In order to get the most out of their data, marketers need to choose an attribution tool that leverages UMM to measure offline and online media accurately. Without this capability, marketers will be unable to maintain campaign optimization as consumer trends impact various media channels.
Selecting a Marketing Attribution Software: Questions to Ask
In order to help marketers balance the benefits and pitfalls of specific attribution providers, it helps to focus questions on the key areas of measurement that have the greatest potential for ROI optimization or subsequent wasted opportunity. Specifically, marketers should ask a potential attribution measurement partner:
“Can you explain how your modeling formula functions?”
Like any marketing optimization measurement, the modeling—or math involved in organizing the raw data—makes or breaks marketing success. Think of it this way: if your math is wrong, then your analytics are wrong. If your analytics are wrong, your attribution is wrong. If your attribution is wrong, your optimization efforts are wrong. If your optimization is wrong, your marketing budget will suffer. Simply put, marketers need to choose a service with a proven history of success that demonstrates their model is effective.
“Does your UMM service specialize in any key insights?”
Certain vendors focus on different performance indicators within unified marketing measurement (mobile impact, creative messaging impact on media mix, etc.), providing unique insights that appeal to marketers. It’s critical that marketers understand these specialty areas/focus points in order to best match the marketing performance measurements with the needs of the marketing team.
“How granular are the insights provided?”
Consumers today expect the marketing they receive to be personalized, catering to their individual consumer histories, interests, and needs (think of how frustrating it is seeing an ad for a product you’ve already bought). Modern consumers are very receptive to the notion that their data will be used for advertising. However, they want that advertising to be relevant. To provide this, attribution vendors need to deliver insights on the person-level that allow for highly specific and targeted marketing efforts.
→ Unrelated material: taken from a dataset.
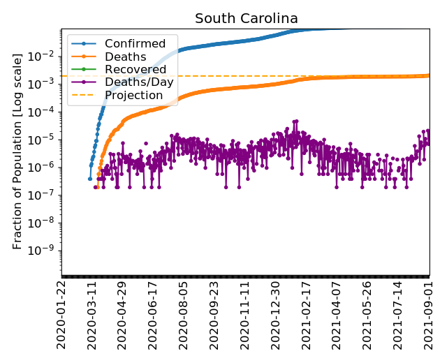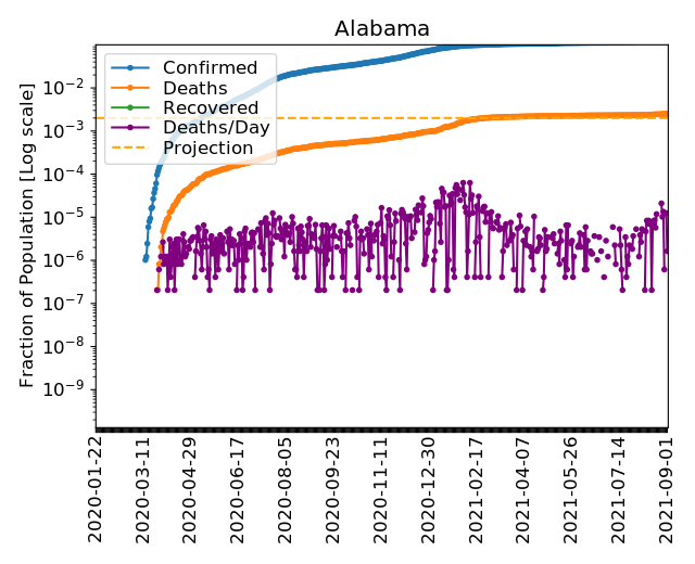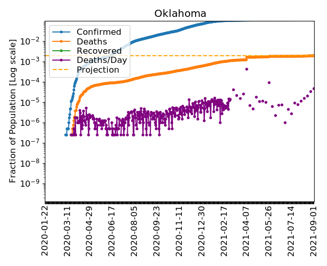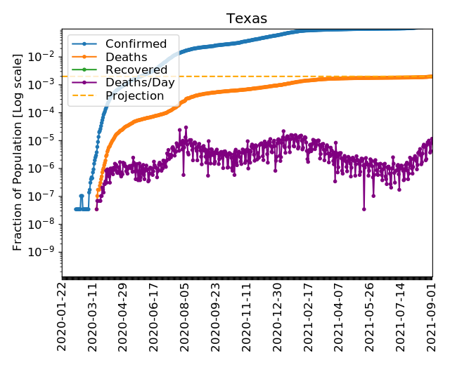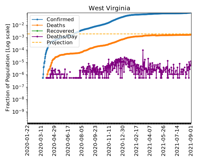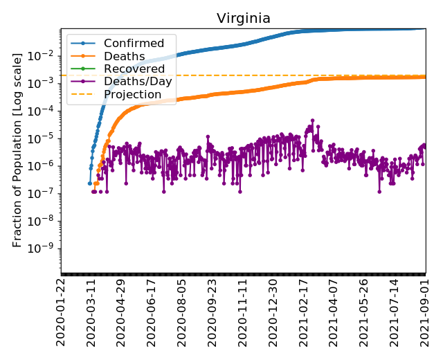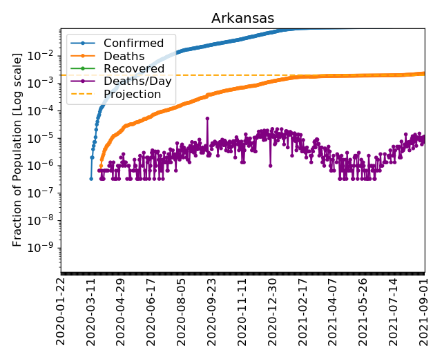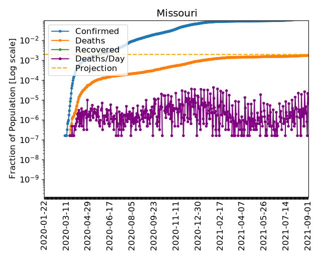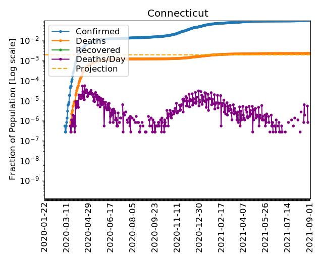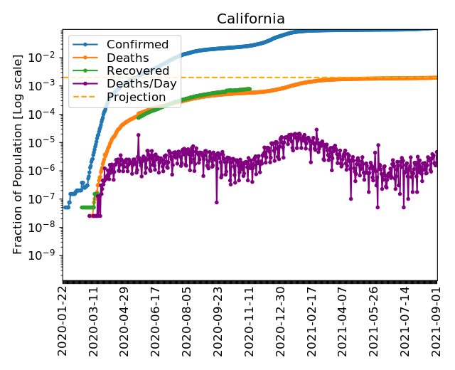 The Covid-19 data is sourced from Johns Hopkins CSSE at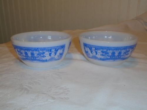 Title (ebay affiliate link): 2 Retro Vtg Federal Milk Glass Cereal Soup Bowls Blue Willow Oriental Design Exc

“What kind of consumer data do you leverage for your insights?”
Marketers today need insights from a variety of different data sources in order to properly measure their online to offline, offline to online, and offline and online to online marketing efforts. However, to gain insight into those specific marketing mix metrics, an attribution tool needs to have access to a large variety of consumer data like broadcast media, mobile interactions, print subscription lists, etc. Simply put, if your UMM vendor doesn’t have the ability to synthesize data into actionable insights from a wide scope of consumer data, then it will struggle to provide the analytics needed for campaign optimization across the media mix.
"Does your software take branding into account?”
Marketers understand that a business’s brand can have a serious impact on the success of marketing efforts—impacting purchase decisions and shortening longer sales cycles. To that end, it’s important to have the capability to gain clear insights into where brand authority plays a major role in facilitating ROI across the marketing mix. Additionally, when branding is taken into consideration, marketers can better understand which messages and channels provide value to the brand itself, improving industry authority.
Final Thoughts
Marketers understand the need to create a convenient, cohesive experience for their customers, without going over budget. To do this, campaigns need to be informed by in-depth attribution data. Using attribution software that leverages UMM, marketing teams can use granular, person-level insights to understand campaign effectiveness, considering marketing mix and outside sources.
Given the high number of vendors offering attribution services, it’s paramount that marketers address the vendor options with the insights that meet the specific needs of the business and marketing team.